In 2016, libraries in Henning, Minnesota and Longwood, Florida removed This One Summer from their shelves after parents complained of the book's use of profanity and mature themes. After the incident in Florida in February, Mariko Tamaki said that the book is "listed as being for readers ranging 12–18," and "contains depictions of young people talking about, and dealing with, adult things." However, she stated that she thinks it is an important book for young people. The removals from libraries have been challenged by the National Coalition Against Censorship.
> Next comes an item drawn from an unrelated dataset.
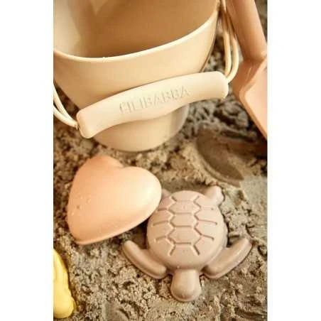 Hiekkalelusettiin kuuluu 5 söpöä hiekkamuottia, lapio, ämpäri ja kätevä kansi, joka on samalla frisbee. Muoteissa seikkailevat meritähti, sydän, sateenkaari, simpukka ja pikku kilppari. Rantalelujen silikonimateriaali on erittäin kestävää, joten Filibabba Hiekkalelusetillä lapsesi leikkii kesästä kesään.

The Comic Book Legal Defense Fund also challenged its removal in a K–12 library in Henning, Minnesota but restored the book in the library for students with parental permission in grades 10–12.
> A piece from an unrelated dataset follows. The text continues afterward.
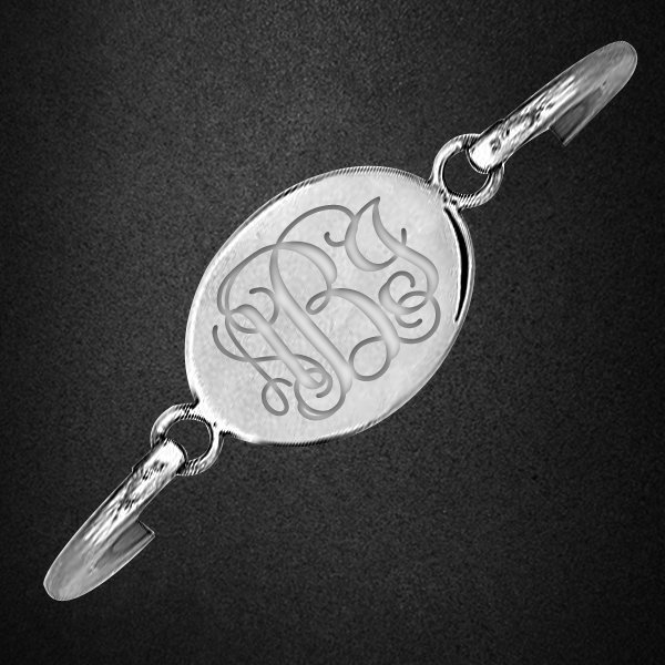 Each Sterling Silver ID Bracelet Can be Engraved on the Front & Back Perfect for Engraving a Monogram Plate Measures Over 1 1/4 Inch Wide x Under 1 Inch Tall This is a Slip On Bangle Bracelet Made to Fit Mostly Anyone

In response to the criticism, author Mariko Tamaki stated, '"[T]here are people who are uncomfortable with any discussion of sexuality, who see this as inappropriate, maybe, for any age of young reader," she said. "But really what expelling these books does is erase queer experiences, queer lives."' Another reviewer Meryl Jaffe identifies the issues regarding the profanity or sexuality within the novel but states they are appropriately developed and represent an accurate depiction of young teen life.
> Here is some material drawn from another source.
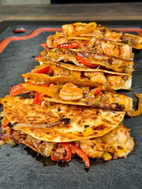 Once the tacos are toasted, remove them from the griddle and serve them immediately. These tacos are perfect for a casual dinner or as part of a larger spread for a gathering. The combination of smoky Andouille sausage, succulent shrimp, and savory sautéed vegetables with the creamy Avocado Lime Crème is sure to be a crowd-pleaser. Enjoy!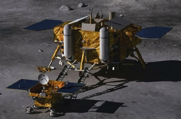 The Chang'e 3 lunar lander and moon rover is part of the second phase of China's three-step robotic lunar exploration program.

In 2022, This One Summer was listed among 52 books banned by the Alpine School District following the implementation of Utah law H.B. 374, "Sensitive Materials In Schools." Forty-two percent of removed books "feature LBGTQ+ characters and or themes." Many of the books were removed because they were considered to contain pornographic material according to the new law, which defines porn using the following criteria:
- "The average person" would find that the material, on the whole, "appeals to prurient interest in sex"
- The material "is patently offensive in the description or depiction of nudity, sexual conduct, sexual excitement, sadomasochistic abuse, or excretion"
- The material, on the whole, "does not have serious literary, artistic, political or scientific value."

== Awards ==
This One Summer won the 2015 Eisner Award for Best New Graphic Novel and the 2014 Ignatz Award for Outstanding Graphic Novel. It also won both a Printz Honor and a Caldecott Honor in 2015, making it the first graphic novel to be honored by a Caldecott committee and the second to receive the prestigious Printz Honor. Again in 2015, Tamaki also received the Lynd Ward Prize and became the first female to receive such an award from the Penn State Center for the Book. The illustrator of the novel, Jillian Tamaki, won the Governor General's Awards for both children's text and illustration and the novel was also nominated for the Eisner Award.